» Directions for this task
Restate word for word every entry that appears below, skipping its pictures.

» Available records
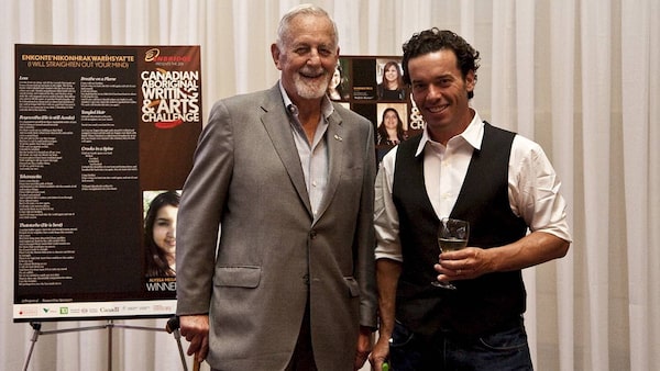 Avie Bennett (left) and Joseph Boyden at the Canadian Aboriginal Writing and Arts Challenge held June 6 at the Design Exchange in Toronto.Veronica Malinski
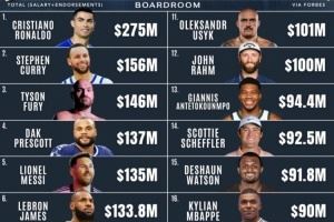 体育资讯10月6日讯 今天,美媒BoardRoom转载了世界范围内收入(工资+代言)最高的运动员排名,这份榜单最早发布于今年5月。
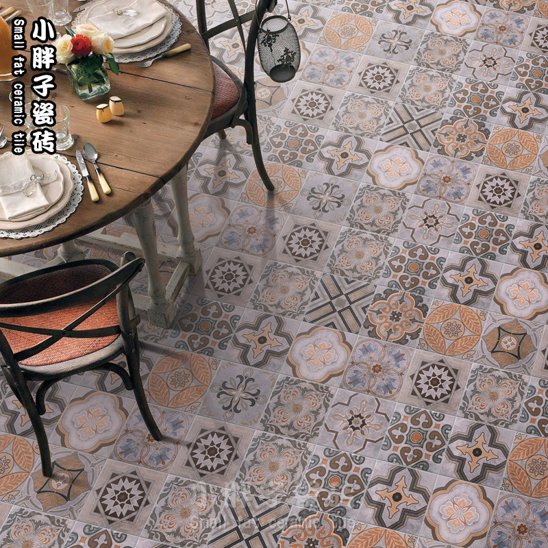 Spanish Retro Grey Cement Flowers Brick 200mm Art Kitchen Makeup Room Tile Living Room Floor Tiles Background Wall
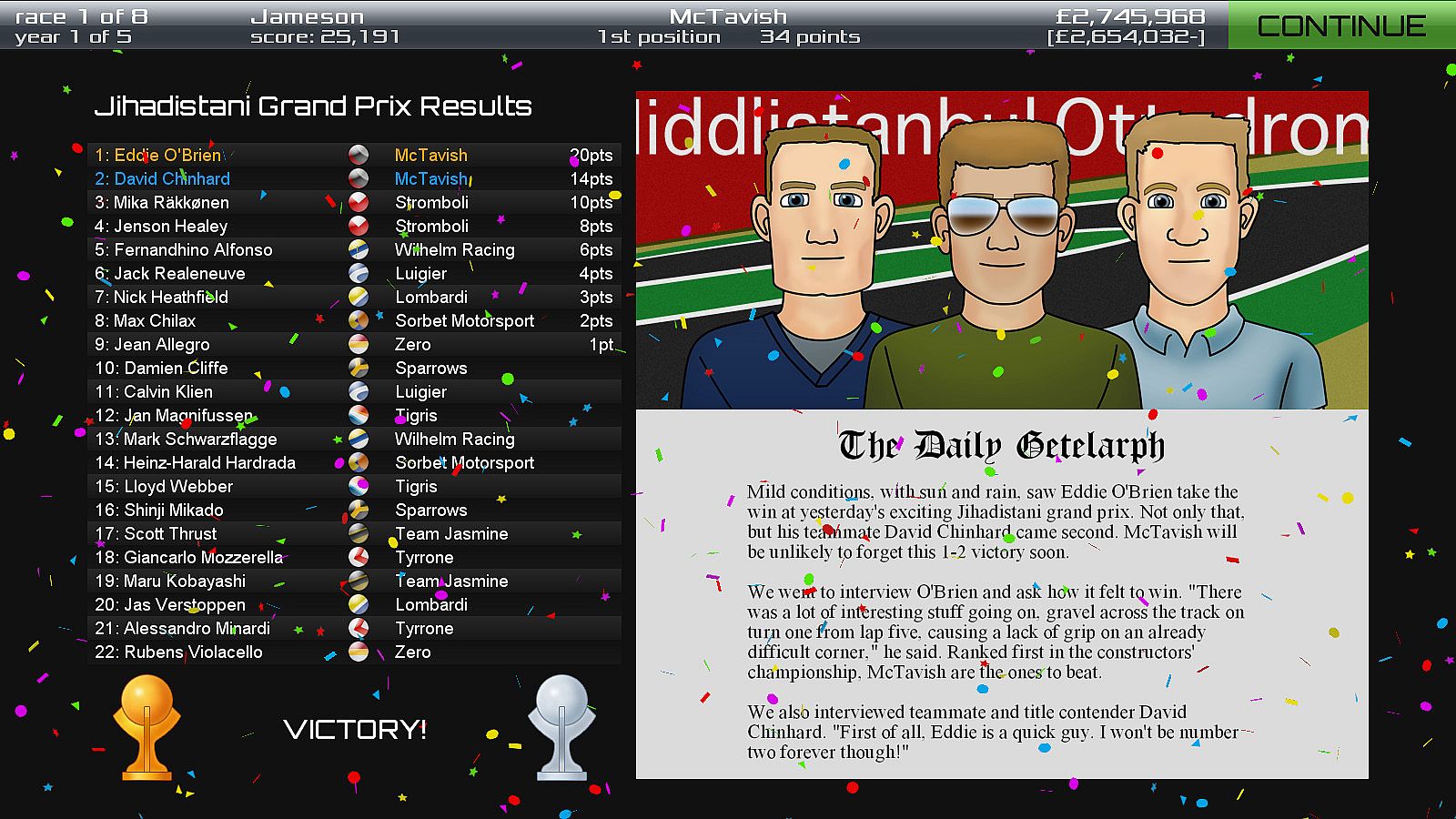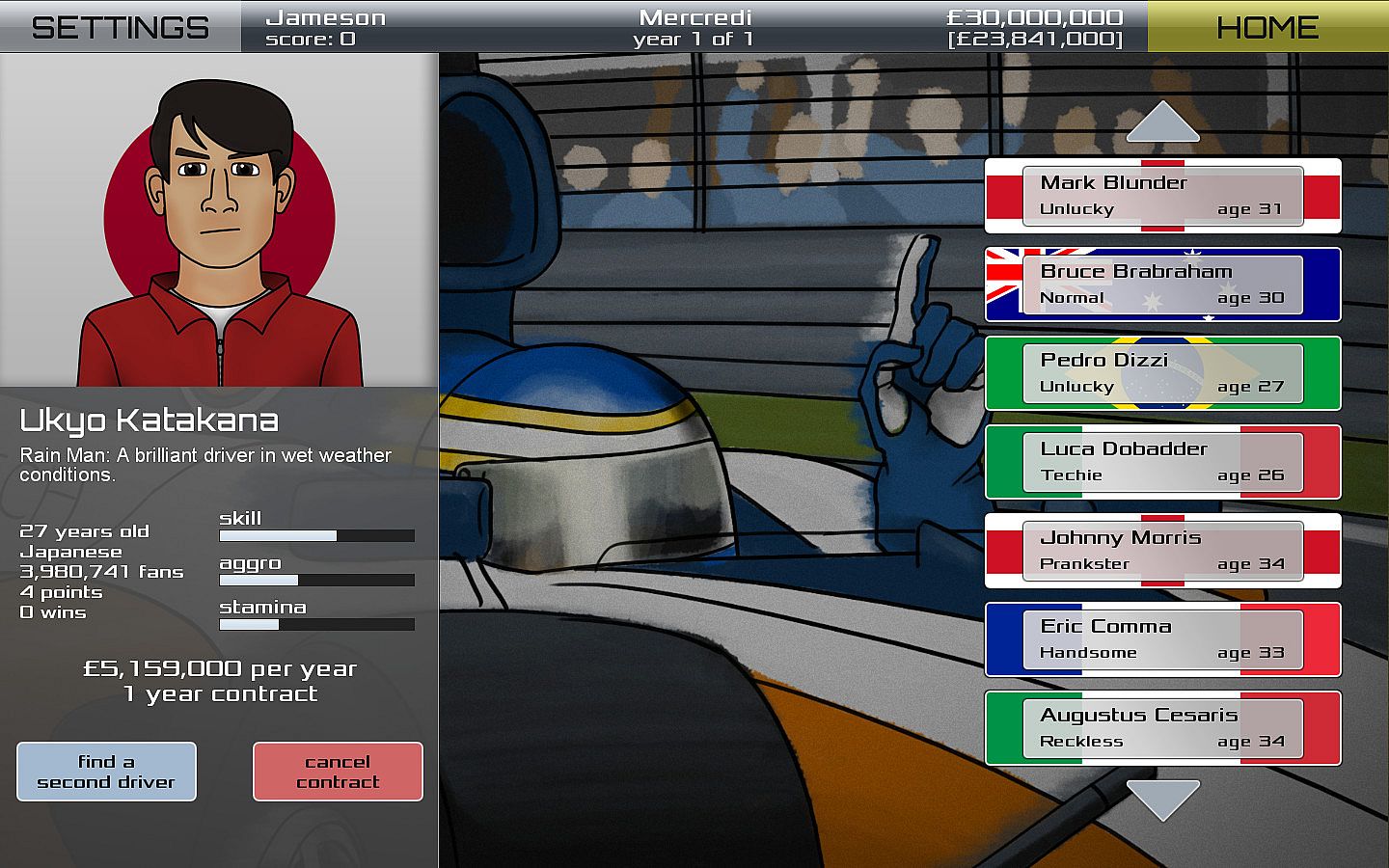 You'll start at the back of the field and fight your way through a ten-season career, striving to win the Constructors' Championship title, or at least make it to the Wall of Fame. There'll be plenty of challenges along the way - not only will you be adjusting your drivers’ fuel and tyre strategy in response to ever-changing race circumstances, you’ll also have to deal with extreme weather, sabotage, stray animals, food poisoning, and even terrorism. Can you manage?
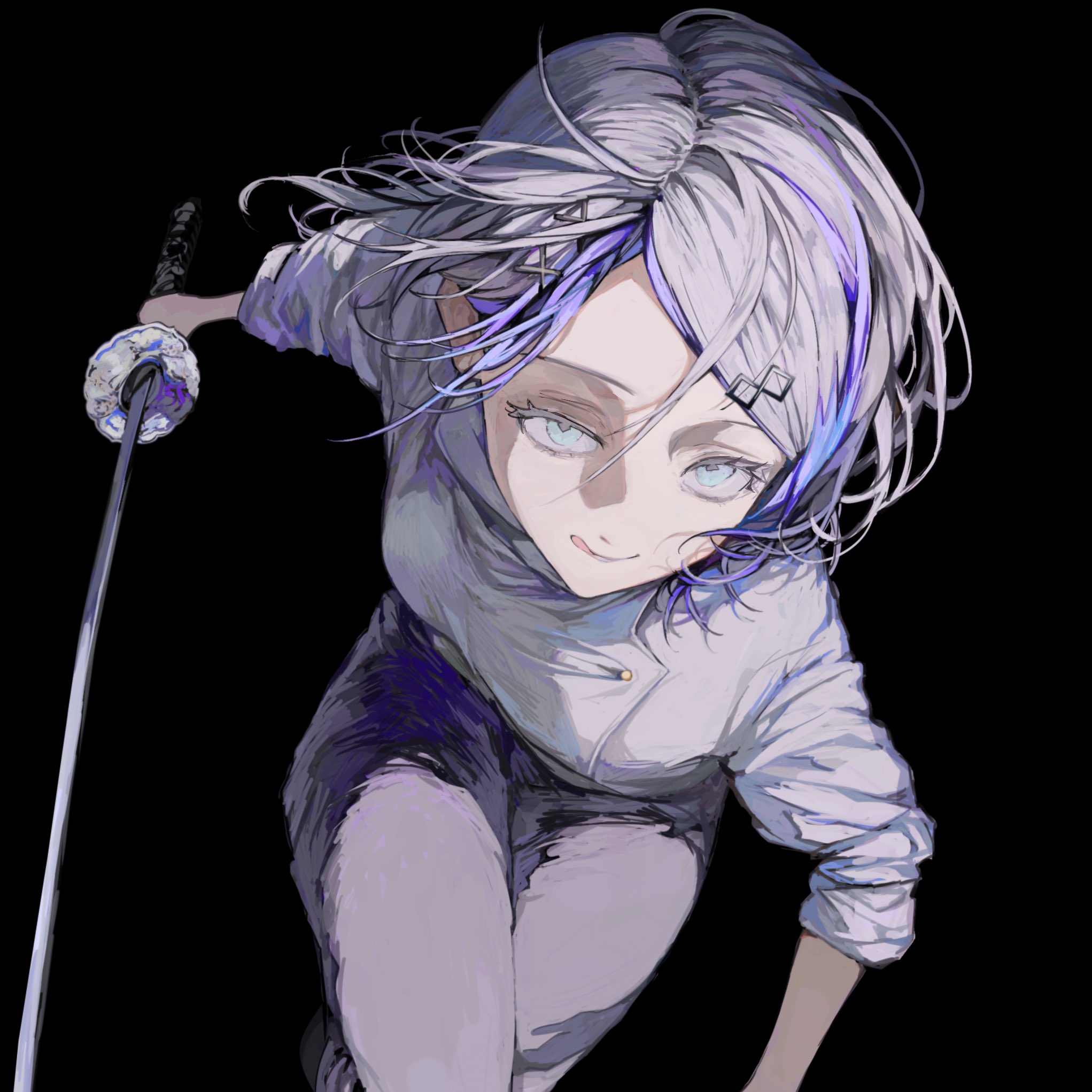 1girl alternate_costume alternate_hairstyle black_background black_pants blue_eyes closed_mouth cosplay cowboy_shot dynamic_pose empty_eyes fighting_stance floating_hair forehead grey_hair grey_jacket hair_ornament hairclip highres holding holding_sword holding_weapon jacket jujutsu_tech_uniform katana licking_lips looking_at_viewer medium_hair million_production multicolored_hair nonono_nono official_art ofgwr pants purple_hair second-party_source side_part sleeves_rolled_up smile smirk solo streaked_hair sword tongue tongue_out two-tone_hair virtual_youtuber weapon

» Solution below
 Avie Bennett (left) and Joseph Boyden at the Canadian Aboriginal Writing and Arts Challenge held June 6 at the Design Exchange in Toronto.Veronica Malinski
 体育资讯10月6日讯 今天,美媒BoardRoom转载了世界范围内收入(工资+代言)最高的运动员排名,这份榜单最早发布于今年5月。
 Spanish Retro Grey Cement Flowers Brick 200mm Art Kitchen Makeup Room Tile Living Room Floor Tiles Background Wall
 You'll start at the back of the field and fight your way through a ten-season career, striving to win the Constructors' Championship title, or at least make it to the Wall of Fame. There'll be plenty of challenges along the way - not only will you be adjusting your drivers’ fuel and tyre strategy in response to ever-changing race circumstances, you’ll also have to deal with extreme weather, sabotage, stray animals, food poisoning, and even terrorism. Can you manage?
 1girl alternate_costume alternate_hairstyle black_background black_pants blue_eyes closed_mouth cosplay cowboy_shot dynamic_pose empty_eyes fighting_stance floating_hair forehead grey_hair grey_jacket hair_ornament hairclip highres holding holding_sword holding_weapon jacket jujutsu_tech_uniform katana licking_lips looking_at_viewer medium_hair million_production multicolored_hair nonono_nono official_art ofgwr pants purple_hair second-party_source side_part sleeves_rolled_up smile smirk solo streaked_hair sword tongue tongue_out two-tone_hair virtual_youtuber weapon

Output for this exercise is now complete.